INFORMATION SUPPLIED
------------------------------------------------------------
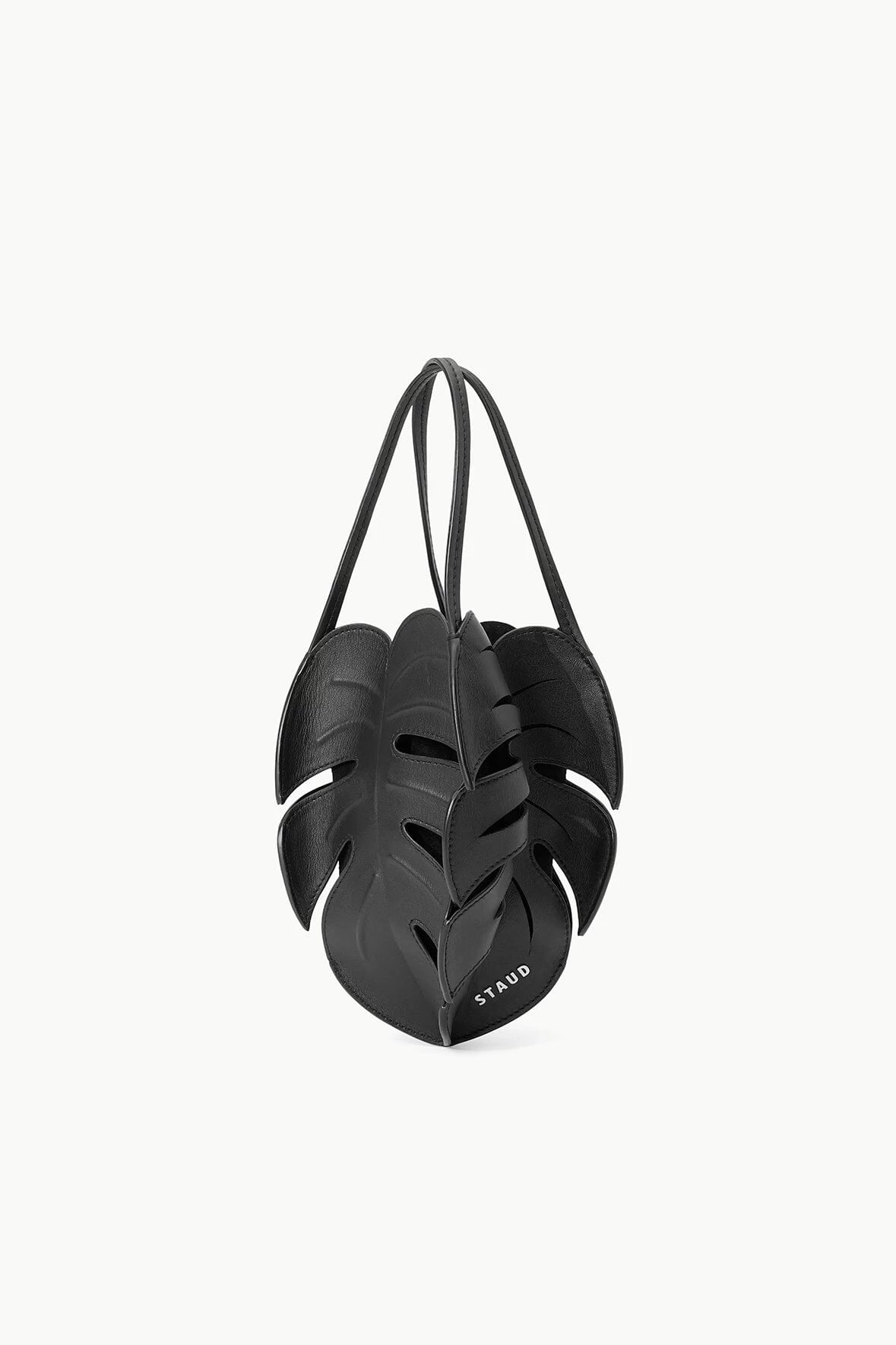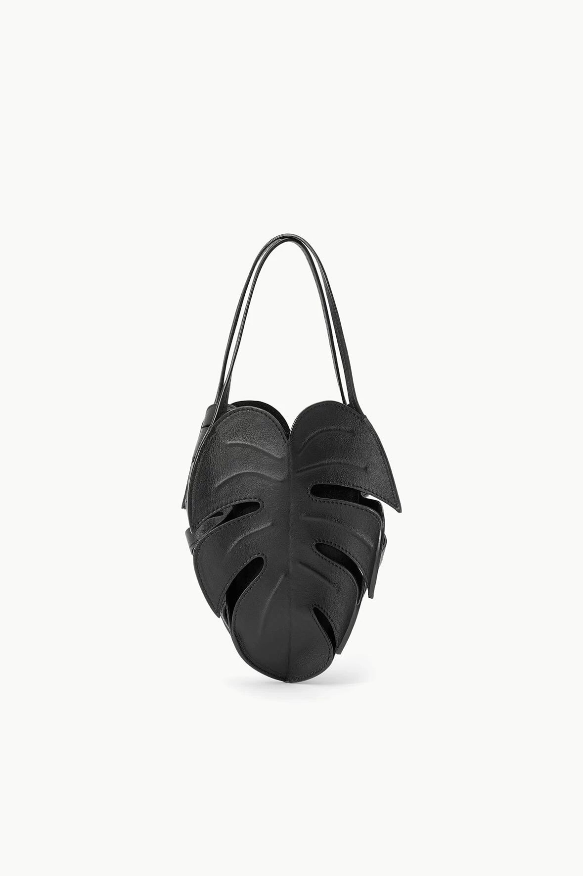 A handheld leather bag constructed of four leaf-shaped panels. The Palm Bag features two handheld straps and a magnetic closure.
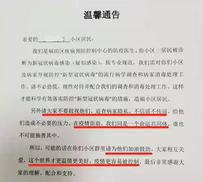 “疫情面前,我們同是一個(gè)命運(yùn)共同體”“大家相互關(guān)愛,這個(gè)世界才更溫情美好,疫情更容易被控制……”1月30日,位于深圳福田區(qū)的一小區(qū)出現(xiàn)新冠肺炎疑似感染病例,福田區(qū)疾病預(yù)防控制中心的防疫醫(yī)生隨即發(fā)布了這則通告,瞬間刷屏了深圳人的朋友圈。通告除了呼吁小區(qū)居民配合調(diào)查及消毒處理工作外,還特地懇請(qǐng)大家“不要歧視,在疫情面前,我們是同一個(gè)命運(yùn)共同體,誰也不可能獨(dú)善其身。”寥寥數(shù)字的“請(qǐng)求”,感動(dòng)無數(shù)人。
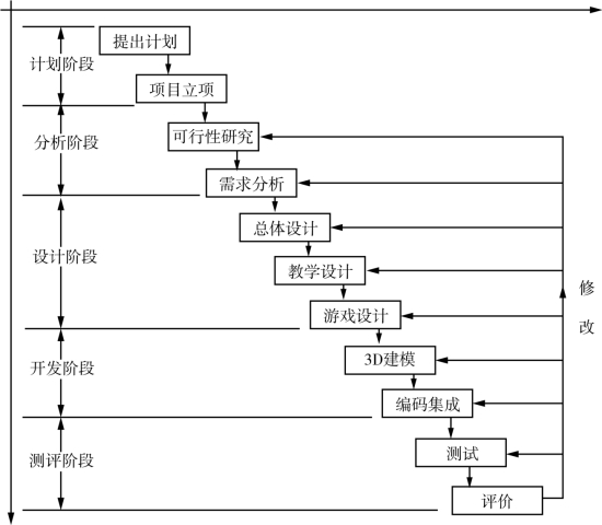 海洋教育服务平台构建遵循理论研究与实验研究相结合的原则,具体构建流程如图1-3 所示,将整个设计开发周期划分为项目计划、可行性研究、需求分析、总体设计、海洋历史事件和地理学信息图谱的时空特征科普库设计、科普作品设计、数字科普教育游戏脚本设计、3D 模型构建、虚拟交互集成、Web 界面开发、程序编码、平台测试和平台评价等十几个关键活动。在设计开发过程中,自顶向下、相互衔接、相互制约,同时根据软件工程思想和设计开发的过程开展项目。
------------------------------------------------------------
WHAT YOU WILL DO
Could you give the listing above again word for word, without any pictures?

ANSWER TO THIS TASK
 A handheld leather bag constructed of four leaf-shaped panels. The Palm Bag features two handheld straps and a magnetic closure.
 “疫情面前,我們同是一個(gè)命運(yùn)共同體”“大家相互關(guān)愛,這個(gè)世界才更溫情美好,疫情更容易被控制……”1月30日,位于深圳福田區(qū)的一小區(qū)出現(xiàn)新冠肺炎疑似感染病例,福田區(qū)疾病預(yù)防控制中心的防疫醫(yī)生隨即發(fā)布了這則通告,瞬間刷屏了深圳人的朋友圈。通告除了呼吁小區(qū)居民配合調(diào)查及消毒處理工作外,還特地懇請(qǐng)大家“不要歧視,在疫情面前,我們是同一個(gè)命運(yùn)共同體,誰也不可能獨(dú)善其身。”寥寥數(shù)字的“請(qǐng)求”,感動(dòng)無數(shù)人。
 海洋教育服务平台构建遵循理论研究与实验研究相结合的原则,具体构建流程如图1-3 所示,将整个设计开发周期划分为项目计划、可行性研究、需求分析、总体设计、海洋历史事件和地理学信息图谱的时空特征科普库设计、科普作品设计、数字科普教育游戏脚本设计、3D 模型构建、虚拟交互集成、Web 界面开发、程序编码、平台测试和平台评价等十几个关键活动。在设计开发过程中,自顶向下、相互衔接、相互制约,同时根据软件工程思想和设计开发的过程开展项目。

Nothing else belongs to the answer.